Staten, who has appeared on “Late Night with David Letterman,” “Dateline NBC,” the “Today” show and many other television and radio shows, is more often recognized as a popular non-fiction author and newspaper columnist.
His books, including such captivating titles, as “Do Pharmacists Sell Farms?” “Inside the Corner Drugstore,” “Did Monkeys Invent the Monkey Wrench?” “Hardware Stores and Hardware Stories,” and “Unauthorized America: A Guide to the Places the Chamber of Commerce Won’t Tell You About,” showcase a talent for melding story telling with interesting, and sometimes unusual, information.
And as the titles demonstrate, Staten’s knowledge extends well beyond the food genre.
A Tennessee native, Staten received a graduate degree in communications from the University of Tennessee. He has worked as an editor, reporter, announcer, entertainment columnist and television critic for various publications and has been a syndicated columnist for the New York Daily News and the Louisville Courier-Journal. After achieving success in his career, Staten decided to try free-lance writing. Ten books and many articles later, he is still going strong.

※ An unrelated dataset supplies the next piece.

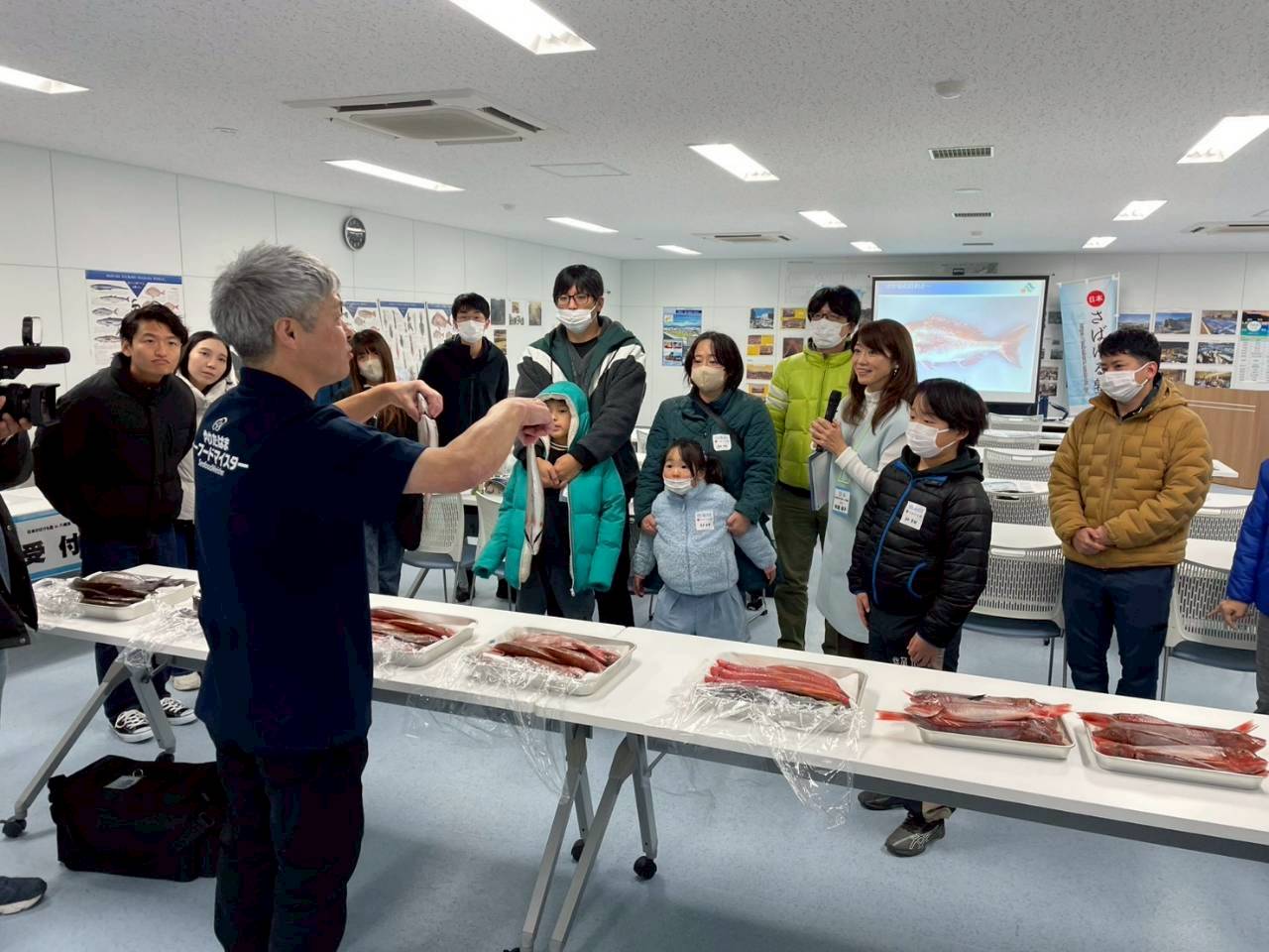 はじめに、八幡浜市水産港湾課の山内武弥さんから、八幡浜市の水産業の特徴や魚の流通の仕組みについて説明をしていただきました。魚が水揚げされてから食卓に届くまでの流れを知り、参加者は普段何気なく口にしている魚は、多くの人の仕事が関わっていることを実感しました。また、「どーや市場」が地域の水産業を支える重要な役割を担っていることを学び、身近な市場の存在を改めて意識するきっかけとなっています。続いて、講師である八幡浜市シーフードマイスターの中榮清幸さんから、市場での魚の買い方についてお話を伺いました。お店の人と積極的に会話をすることや、迷ったときは直感を信じて選ぶことの大切さを知り、魚選びへの意識が変わりました。
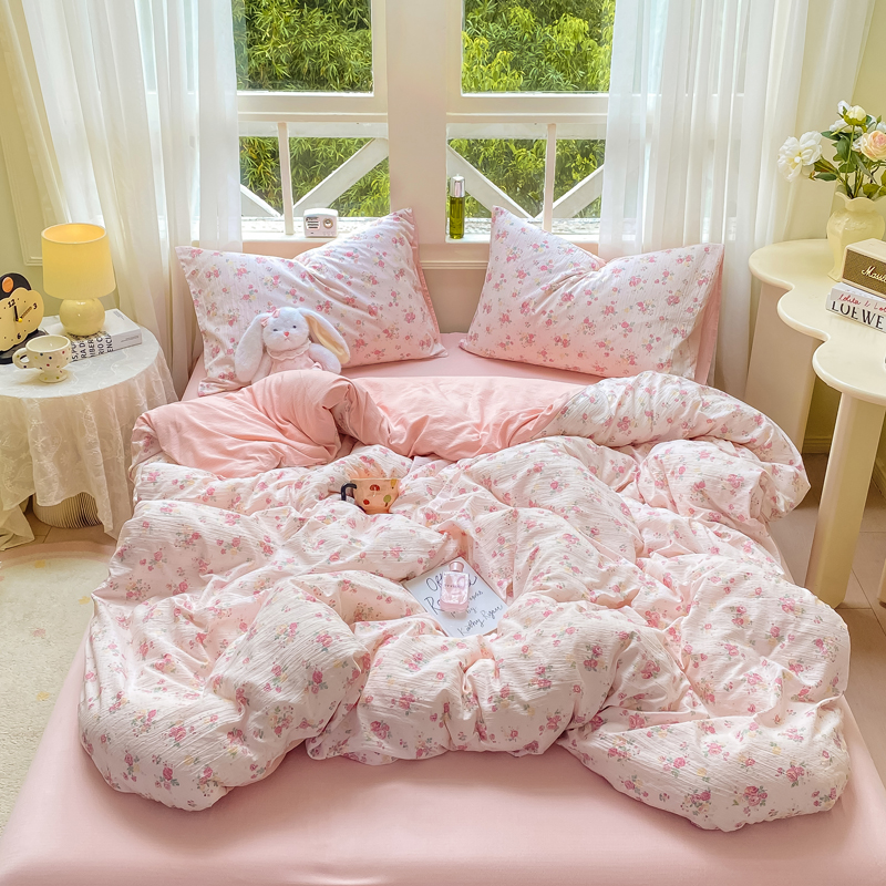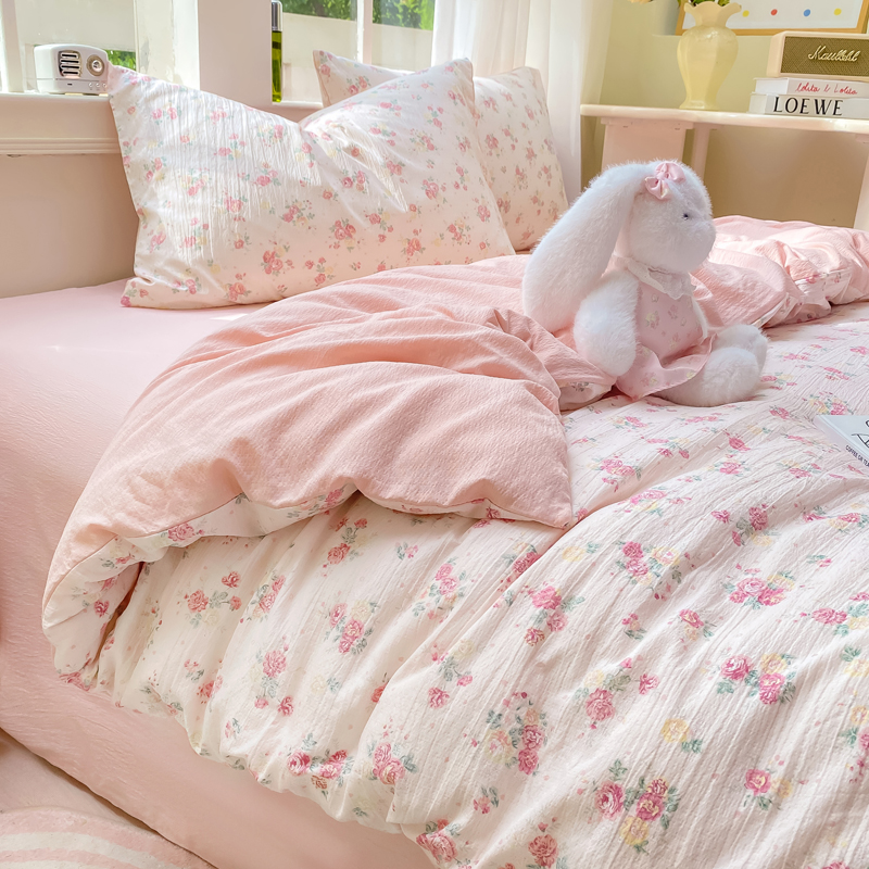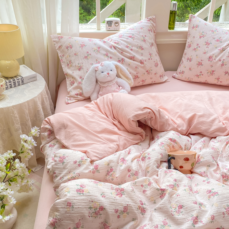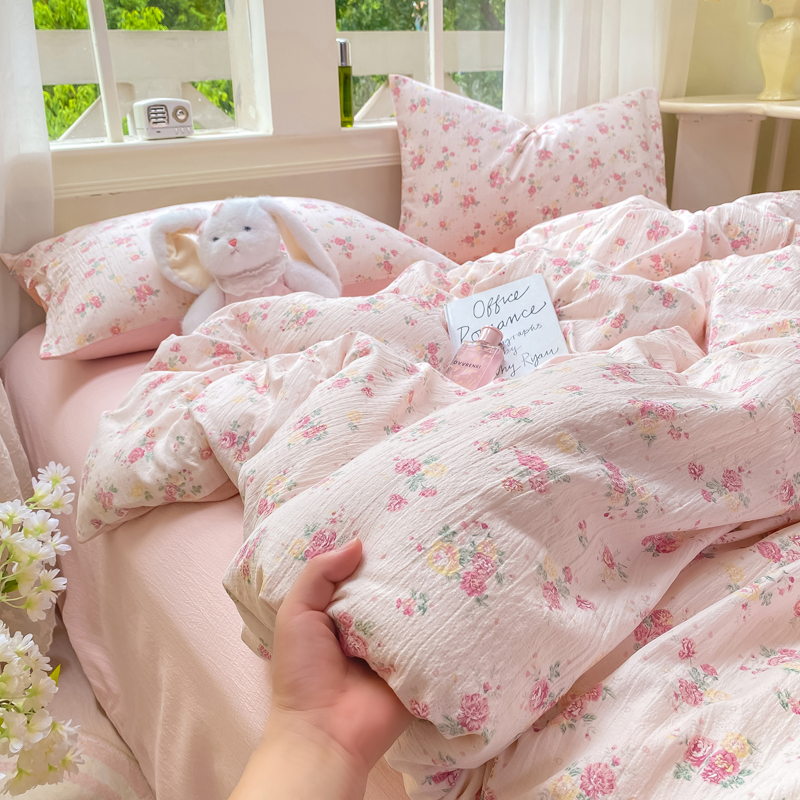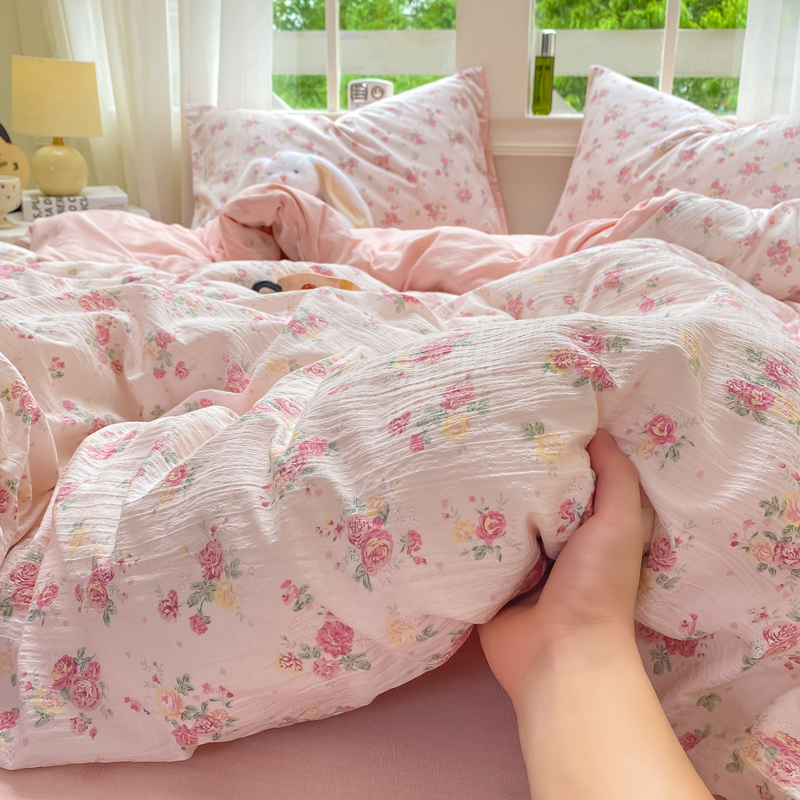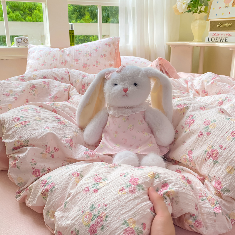 商品名称:朵朵家纺 2025新款云感提花双层纱印花单品被套 玫瑰庄园

Staten’s latest book, “Do Bald Men Get Half-Price Haircuts,” takes readers on a trip down Main Street to the old time barbershop. Unlike the style salons sprinkled along suburban boulevards and strip malls across the country, the barbershop community has remained a relatively unchanged classic of American culture.
According to Staten, the barbershop is still the “community center,” where folks gather to discuss everything from politics to stock car racing, or just to catch up on local gossip.
While researching his book, Staten visited barbershops across the country. One of the favorites he describes in the book is that of his personal barber, Wib Scarboro. Wib’s Barbershop is located on Fifth Street in downtown Louisville. Wib has been cutting hair and spinning yarns for the past 46 years.
According to Wib, his customers tend to stick around for the company long after their hair has been swept from the floor. “It’s just an old time barbershop,” explains Wib, who says that Staten was inspired by the friendly community atmosphere he found there.
Staten admits that Wib’s is just what he was looking for in a barbershop when he wandered through the door several years ago, and in his book he gives plenty of credit to Wib, whom he says “taught me how a barbershop works.”
Staten lives in Oldham County with his wife, Judy. He teaches a writing class at the University of Louisville and is currently working on his next book, due out in April 2003. This time, Staten plans to probe the wonders of America’s favorite pastime, baseball, and in his unique and witty manner explain a few of the less-known facts and interesting stories behind the sport.
In the meantime, his weekly video news column, “On the Tube,” can be found in the Saturday issue of the Courier-Journal. And if you happen to wander into Wib’s Barbershop, you might see him occupying a chair, if not for a cut, at least for the company.